### DATA SHOWN
========================================
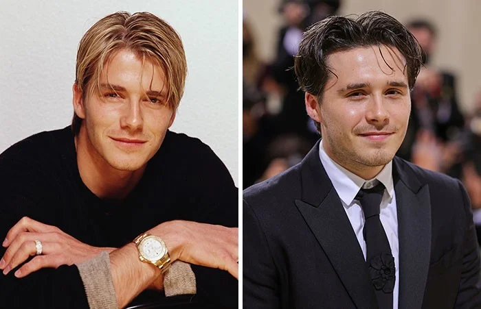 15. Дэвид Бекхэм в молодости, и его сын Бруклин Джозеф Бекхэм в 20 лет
========================================
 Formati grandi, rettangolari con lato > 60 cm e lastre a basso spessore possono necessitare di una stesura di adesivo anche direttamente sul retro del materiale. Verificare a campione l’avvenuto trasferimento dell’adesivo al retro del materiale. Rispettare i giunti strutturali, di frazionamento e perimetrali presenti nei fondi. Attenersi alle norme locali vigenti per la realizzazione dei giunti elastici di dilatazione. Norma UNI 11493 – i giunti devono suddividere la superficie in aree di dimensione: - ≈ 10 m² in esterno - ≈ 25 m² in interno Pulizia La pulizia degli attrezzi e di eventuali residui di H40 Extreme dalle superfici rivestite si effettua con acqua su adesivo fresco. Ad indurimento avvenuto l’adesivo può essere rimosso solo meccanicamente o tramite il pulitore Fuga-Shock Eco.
========================================
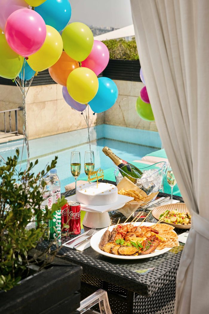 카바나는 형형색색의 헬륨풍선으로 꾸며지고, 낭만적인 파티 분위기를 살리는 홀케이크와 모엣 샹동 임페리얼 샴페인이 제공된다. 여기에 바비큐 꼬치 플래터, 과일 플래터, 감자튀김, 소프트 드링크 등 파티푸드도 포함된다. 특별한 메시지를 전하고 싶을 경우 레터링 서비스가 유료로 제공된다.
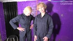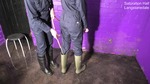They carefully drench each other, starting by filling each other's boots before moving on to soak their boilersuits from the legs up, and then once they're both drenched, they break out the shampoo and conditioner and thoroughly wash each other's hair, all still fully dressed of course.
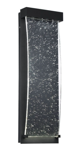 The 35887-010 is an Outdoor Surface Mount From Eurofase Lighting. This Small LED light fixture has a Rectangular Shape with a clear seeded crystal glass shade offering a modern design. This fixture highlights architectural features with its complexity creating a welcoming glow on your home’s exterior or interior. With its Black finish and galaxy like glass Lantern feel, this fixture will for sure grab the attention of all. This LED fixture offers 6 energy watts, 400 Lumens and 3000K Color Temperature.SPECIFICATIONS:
========================================
The reply should hold exactly the lines above, starting at the line with "카바나는 형형색색의 헬륨풍선으로" and ending at the line with "The 35887-010 is", and no pictures.

### ANSWER SPACE
 카바나는 형형색색의 헬륨풍선으로 꾸며지고, 낭만적인 파티 분위기를 살리는 홀케이크와 모엣 샹동 임페리얼 샴페인이 제공된다. 여기에 바비큐 꼬치 플래터, 과일 플래터, 감자튀김, 소프트 드링크 등 파티푸드도 포함된다. 특별한 메시지를 전하고 싶을 경우 레터링 서비스가 유료로 제공된다.
They carefully drench each other, starting by filling each other's boots before moving on to soak their boilersuits from the legs up, and then once they're both drenched, they break out the shampoo and conditioner and thoroughly wash each other's hair, all still fully dressed of course.
 The 35887-010 is an Outdoor Surface Mount From Eurofase Lighting. This Small LED light fixture has a Rectangular Shape with a clear seeded crystal glass shade offering a modern design. This fixture highlights architectural features with its complexity creating a welcoming glow on your home’s exterior or interior. With its Black finish and galaxy like glass Lantern feel, this fixture will for sure grab the attention of all. This LED fixture offers 6 energy watts, 400 Lumens and 3000K Color Temperature.SPECIFICATIONS:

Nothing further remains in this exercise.